RECORDS SUPPLIED:

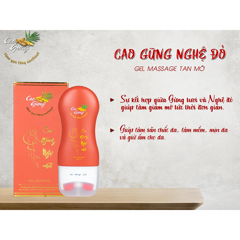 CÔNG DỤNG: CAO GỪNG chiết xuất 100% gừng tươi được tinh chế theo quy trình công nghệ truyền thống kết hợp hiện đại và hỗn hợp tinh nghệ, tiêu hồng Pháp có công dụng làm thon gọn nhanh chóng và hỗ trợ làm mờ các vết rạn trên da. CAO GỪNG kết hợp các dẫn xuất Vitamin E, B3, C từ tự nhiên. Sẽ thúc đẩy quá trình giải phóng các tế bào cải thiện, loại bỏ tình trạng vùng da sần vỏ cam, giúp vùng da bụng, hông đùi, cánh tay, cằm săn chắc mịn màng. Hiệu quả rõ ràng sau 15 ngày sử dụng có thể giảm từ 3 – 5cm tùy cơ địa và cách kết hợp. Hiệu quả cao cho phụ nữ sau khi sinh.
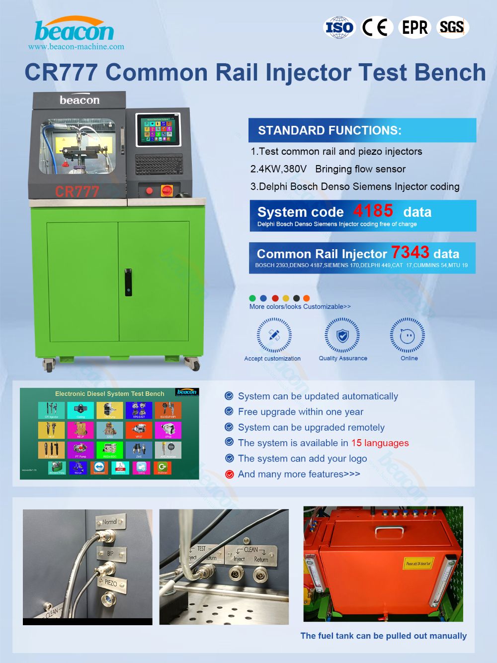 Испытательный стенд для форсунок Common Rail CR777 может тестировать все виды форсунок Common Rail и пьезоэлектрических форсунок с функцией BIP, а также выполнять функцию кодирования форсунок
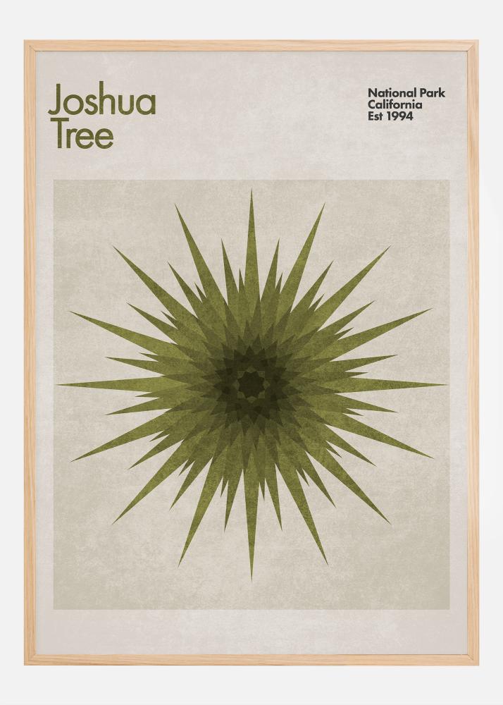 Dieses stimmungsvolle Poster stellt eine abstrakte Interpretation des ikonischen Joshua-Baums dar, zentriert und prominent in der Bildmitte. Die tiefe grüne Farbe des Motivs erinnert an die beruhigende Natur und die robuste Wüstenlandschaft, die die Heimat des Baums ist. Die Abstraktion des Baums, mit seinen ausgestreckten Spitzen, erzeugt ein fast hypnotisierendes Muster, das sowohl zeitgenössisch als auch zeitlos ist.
...
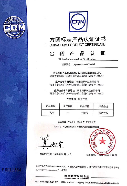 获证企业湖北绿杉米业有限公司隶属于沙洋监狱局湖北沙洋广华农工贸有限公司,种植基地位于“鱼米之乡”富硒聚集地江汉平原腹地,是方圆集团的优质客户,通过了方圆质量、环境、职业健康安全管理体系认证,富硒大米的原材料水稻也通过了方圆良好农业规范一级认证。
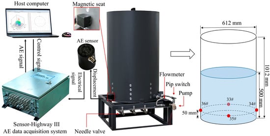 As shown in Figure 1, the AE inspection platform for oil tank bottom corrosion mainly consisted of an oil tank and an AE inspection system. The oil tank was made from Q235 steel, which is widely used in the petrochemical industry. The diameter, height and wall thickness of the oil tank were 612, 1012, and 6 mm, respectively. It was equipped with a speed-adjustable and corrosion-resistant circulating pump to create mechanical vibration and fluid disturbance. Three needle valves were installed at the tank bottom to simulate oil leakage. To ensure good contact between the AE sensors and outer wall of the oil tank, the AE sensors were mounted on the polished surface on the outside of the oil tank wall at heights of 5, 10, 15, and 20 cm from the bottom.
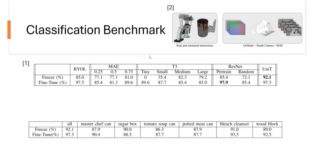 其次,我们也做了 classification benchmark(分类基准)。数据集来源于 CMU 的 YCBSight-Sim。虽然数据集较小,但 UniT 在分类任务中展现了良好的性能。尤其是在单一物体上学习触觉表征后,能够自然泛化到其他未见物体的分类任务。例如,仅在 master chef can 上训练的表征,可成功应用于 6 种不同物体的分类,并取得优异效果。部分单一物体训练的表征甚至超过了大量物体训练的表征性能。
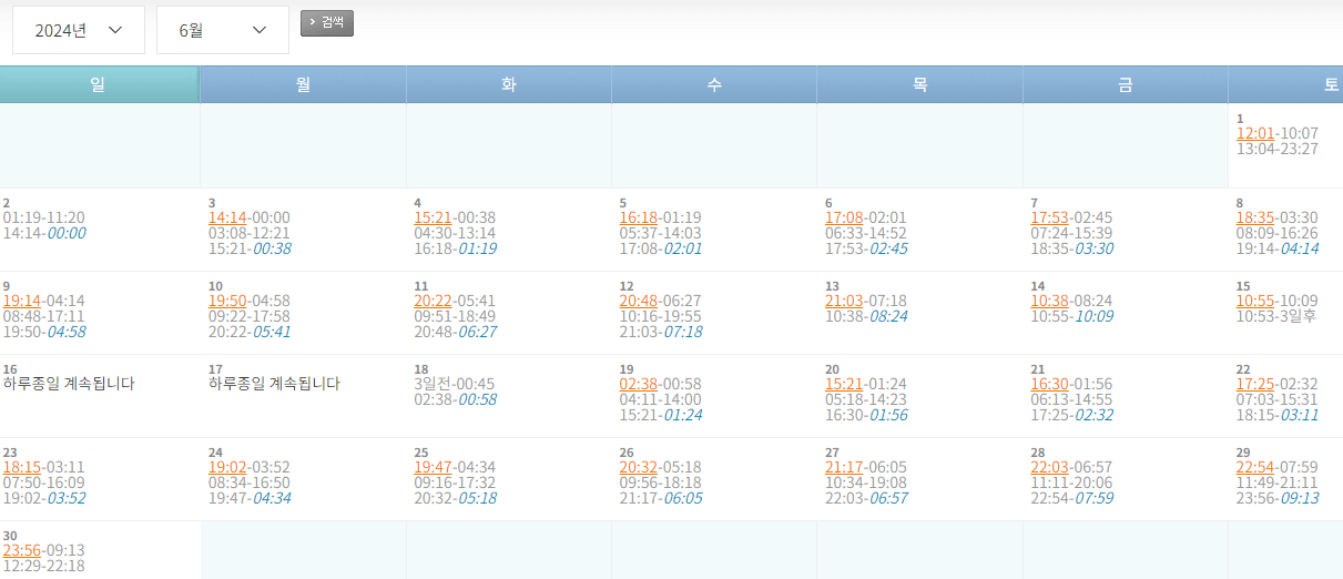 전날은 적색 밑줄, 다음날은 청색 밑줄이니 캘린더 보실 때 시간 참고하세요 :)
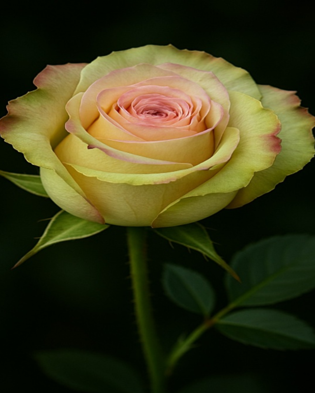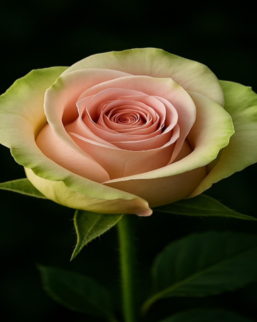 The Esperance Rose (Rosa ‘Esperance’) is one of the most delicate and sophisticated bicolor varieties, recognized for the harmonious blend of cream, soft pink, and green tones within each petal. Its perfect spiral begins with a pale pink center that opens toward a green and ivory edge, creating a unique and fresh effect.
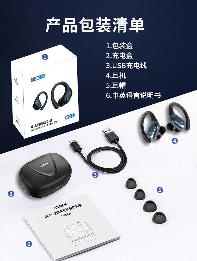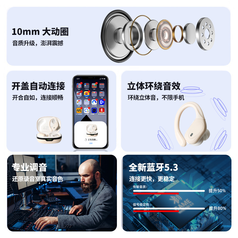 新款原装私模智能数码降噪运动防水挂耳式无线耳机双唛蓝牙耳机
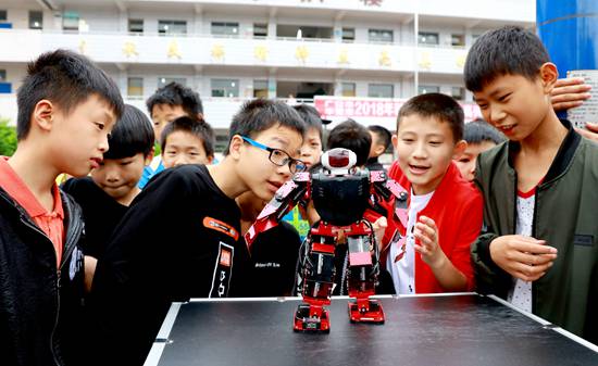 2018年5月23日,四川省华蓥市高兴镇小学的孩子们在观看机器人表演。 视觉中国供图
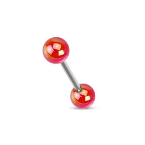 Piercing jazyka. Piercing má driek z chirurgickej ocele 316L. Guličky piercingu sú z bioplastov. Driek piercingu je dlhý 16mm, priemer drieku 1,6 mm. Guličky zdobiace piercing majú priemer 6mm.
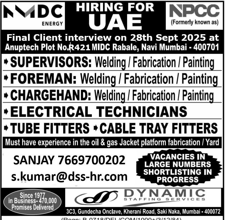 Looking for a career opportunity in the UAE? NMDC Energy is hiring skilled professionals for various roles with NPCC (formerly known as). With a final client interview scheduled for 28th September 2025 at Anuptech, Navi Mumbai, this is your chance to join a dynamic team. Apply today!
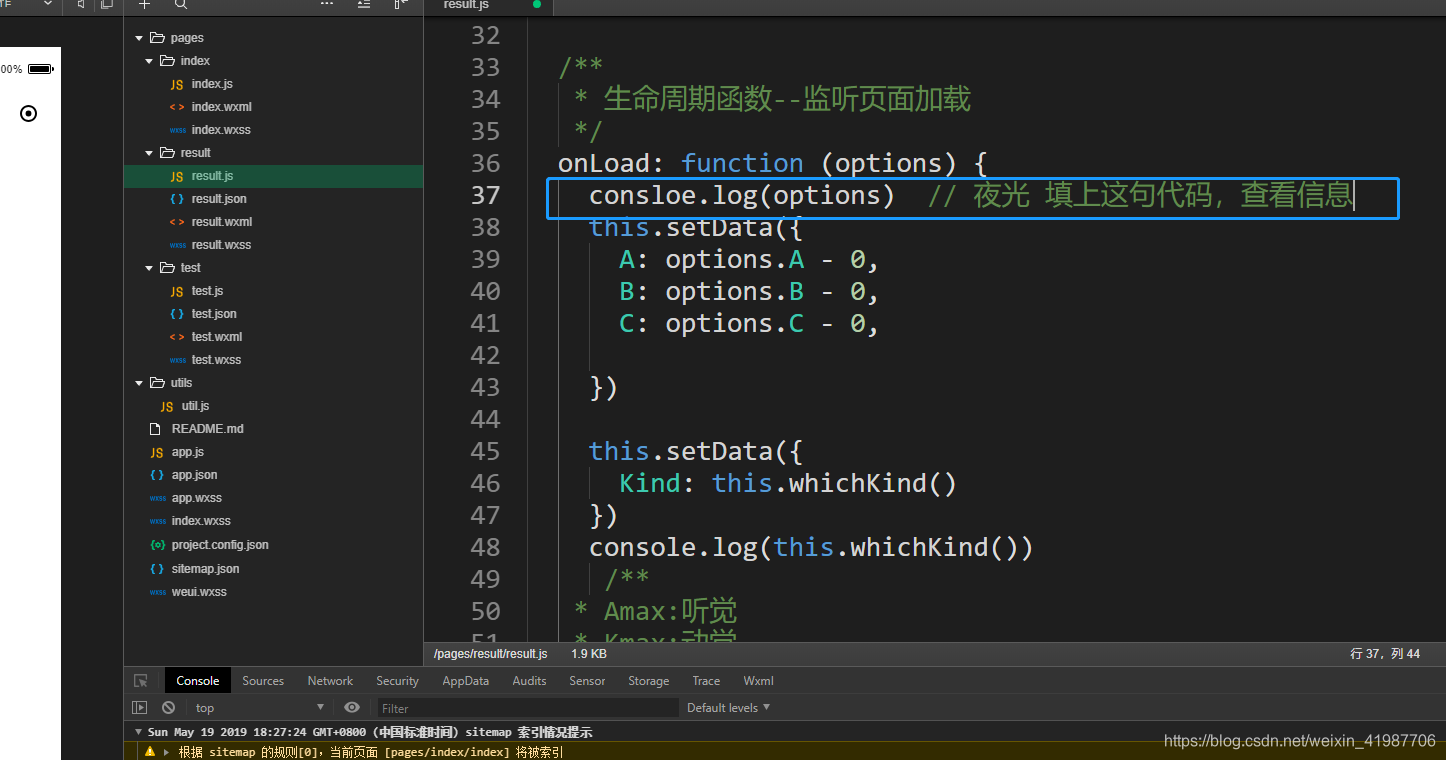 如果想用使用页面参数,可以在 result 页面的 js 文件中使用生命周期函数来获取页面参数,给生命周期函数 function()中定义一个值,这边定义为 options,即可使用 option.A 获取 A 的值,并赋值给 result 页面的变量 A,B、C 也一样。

TASK GOAL:
When you reach the line that has "CÔNG DỤNG: CAO" in the data above, start repeating lines exactly, and stop after the line that has "Dieses stimmungsvolle Poster"; pictures stay out.

PROBLEM SOLUTION:
 CÔNG DỤNG: CAO GỪNG chiết xuất 100% gừng tươi được tinh chế theo quy trình công nghệ truyền thống kết hợp hiện đại và hỗn hợp tinh nghệ, tiêu hồng Pháp có công dụng làm thon gọn nhanh chóng và hỗ trợ làm mờ các vết rạn trên da. CAO GỪNG kết hợp các dẫn xuất Vitamin E, B3, C từ tự nhiên. Sẽ thúc đẩy quá trình giải phóng các tế bào cải thiện, loại bỏ tình trạng vùng da sần vỏ cam, giúp vùng da bụng, hông đùi, cánh tay, cằm săn chắc mịn màng. Hiệu quả rõ ràng sau 15 ngày sử dụng có thể giảm từ 3 – 5cm tùy cơ địa và cách kết hợp. Hiệu quả cao cho phụ nữ sau khi sinh.
 Испытательный стенд для форсунок Common Rail CR777 может тестировать все виды форсунок Common Rail и пьезоэлектрических форсунок с функцией BIP, а также выполнять функцию кодирования форсунок
 Dieses stimmungsvolle Poster stellt eine abstrakte Interpretation des ikonischen Joshua-Baums dar, zentriert und prominent in der Bildmitte. Die tiefe grüne Farbe des Motivs erinnert an die beruhigende Natur und die robuste Wüstenlandschaft, die die Heimat des Baums ist. Die Abstraktion des Baums, mit seinen ausgestreckten Spitzen, erzeugt ein fast hypnotisierendes Muster, das sowohl zeitgenössisch als auch zeitlos ist.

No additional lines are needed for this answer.